June 7, 2011
The battle begins at 1:30 tomorrow, June 8 (aka I’m starting my chemo). I’m a little nervous, but to be honest, it’s for a stupid reason. I HATE getting IV’s. I don’t usually make a scene over them or anything, but they are really starting to get to me. Needles never bothered me too much until recently I’ve been stuck so many times. You’d think I’d be getting used to it, but for some reason it is going in the opposite direction. You’d also think that I would be more worried about feeling terrible after, losing my hair, etc. but I most dread getting a needle in my vein so many times…wow, that sounds wimpy. So any suggestions of getting over that will be appreciated.
pray. Here’s the deal: after 2 months of chemo I will have another PET scan to see if all of my masses in my neck, chest, spleen, and liver are gone. Hodgkin lymphoma is very chemo-sensitive, so it is very realistic that all of it will be gone in two months. So if it is all gone, praise the Lord and I will finish out my chemo the next 4 months in remission. However, if there is even a tiny bit left after the two months, I will have to go on a more intense chemo with harsher short-term and long-term side effects… Your prayers have already been building me up and preparing me for this time in my life, so keep up the good work.
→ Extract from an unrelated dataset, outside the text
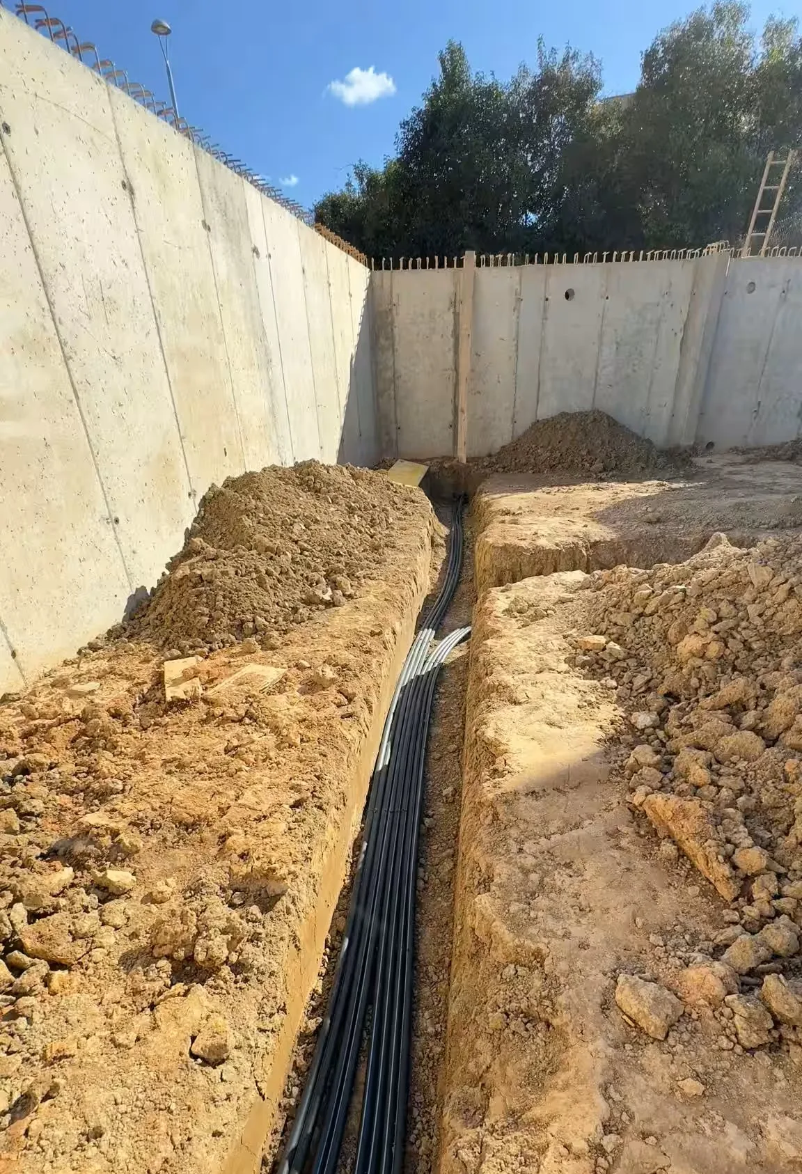 Conducciones geotérmicas instaladas en zanja profunda, listas para su conexión a la bomba de calor y el sistema hidráulico.

I thank God everyday for your prayers and support.
believe. The Lord has always taken care of me, so why wouldn’t He this time? “Cast your cares on the LORD and he will sustain you; he will never let the righteous fall.” -Psalm 55:22 I am trusting Him throughout the healing process. I am believing that He will heal me in two months and that if I am not healed by then, that He will heal me in His time. I am going to experience the meaning of faith in its fullness like never before.
conquer. With the full armor of God, I will be victorious. I am conquering the obvious, but I am also conquering fears along the way. With all of you behind me and God’s power and strength, I will not be defeated.